Mr. Bernstein: I'm a little bit different. Our view is that people are generally so scared because their portfolios are tremendously underdiversified. They have confused the number of asset classes with diversification. I could name five to 10 asset classes that one might hold, and I would argue the portfolio has absolutely no diversification in it. There is really only one major asset class today that provides diversification — Treasuries — and of course, as always is the case with diversifying asset classes, nobody wants to hold them. It is the only asset class that provides negative correlation to all the other asset classes.
Now, I'm not arguing that one should hold Treasuries for income. Treasuries are always the inferior route to income. All fixed income is priced above Treasuries, which are just about always the lowest on the income spectrum. But income is not my argument for Treasuries.
Rather, it's to try and mute the volatility of one's portfolio. Of course, people say, “What if rates go up?” Well, if rates go up, then your stocks are probably going to do OK. Your spread fixed income is going to do OK, too. Your cyclical stocks are going to do very, very well; a lot of things will do well. People never want to hold an asset class they think is going to go down, but that's the whole point of diversification: You have some assets that go up and some that go down.

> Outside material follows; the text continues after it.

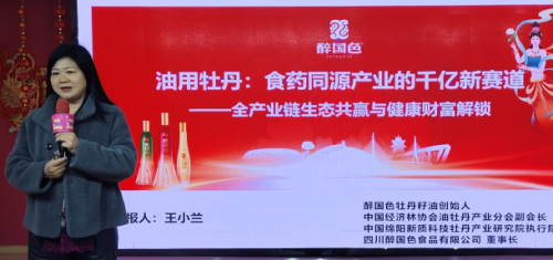醉国色牡丹籽油创始人、四川醉国色食品有限公司董事长王小兰围绕《油用牡丹:食药同源产业的千亿新赛道》展开分享,深度解析油用牡丹的产业价值与发展潜力。她指出,油用牡丹兼具高产出、高含油率、高品质的核心优势,不仅是优质的油料作物,更在药用、保健等领域拥有广阔应用空间。当前,国内油用牡丹种植规模已达2.7万公顷,形成多个规模化种植园区,产业链不断延伸至深加工、文旅融合等领域。王小兰表示,四川醉国品将以牡丹籽油为核心,依托新质科技牡丹产业发展研究院的技术支撑,推动油用牡丹在食品、美妆、医药等领域的多元应用,助力这一特色产业突破千亿市场规模,打造食药同源新增长极。

Case in point: During the summer, Treasuries once again worked where everything went down, including the much heralded gold — which is in no way a diversifying asset class. [Bank of America] Merrill Lynch's 10-Year Plus Index was up about 20%-plus from June to September. And 30-year zeros were up, like, 50%. So the point is that when everything goes down, Treasuries rally. But people never want to hold this diversifying asset class.

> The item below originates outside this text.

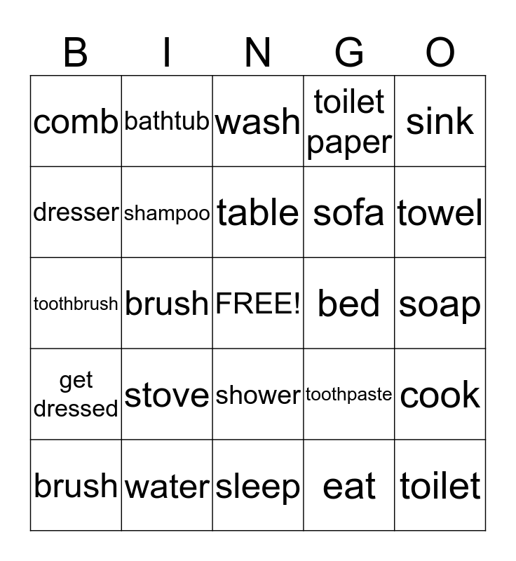 This bingo card has a free space and 24 words: stove, water, table, brush, sink, comb, dresser, bathtub, bed, shower, sofa, toothbrush, toothpaste, cook, shampoo, eat, soap, wash, towel, brush, toilet, get dressed, toilet paper and sleep.

So I would argue that you want to look for the opportunities that we have discussed, whether you agree with my opportunities or not, or whether you like other people's opportunities. The point is, I think the reason this environment seems so scary is that people are grossly underdiversified.
InvestmentNews: And James, what should someone in that pre-retirement phase be doing?
Mr. Swanson: Since people in that group could live another 40 or 50 years, an entire bond strategy doesn't work, because eventually, capital erodes. You need some growth. So I would balance out. Some things I would select in my diversification package would be emerging-market sovereign debt and higher-yielding or lower-quality U.S. corporate bonds, because the fundamentals and balance sheets are actually better there and we don't see a recession on the horizon.
In the rest of the portfolio, I would do a mixture of high-quality dividend-paying stocks, going not just for yield but for companies that have sustainable products and the sustainable cash flow to make those dividend payments. One very interesting point: Over time, dividends are about 70% less volatile than earnings themselves. I'd also have some international equities and bonds, but not in too great a degree.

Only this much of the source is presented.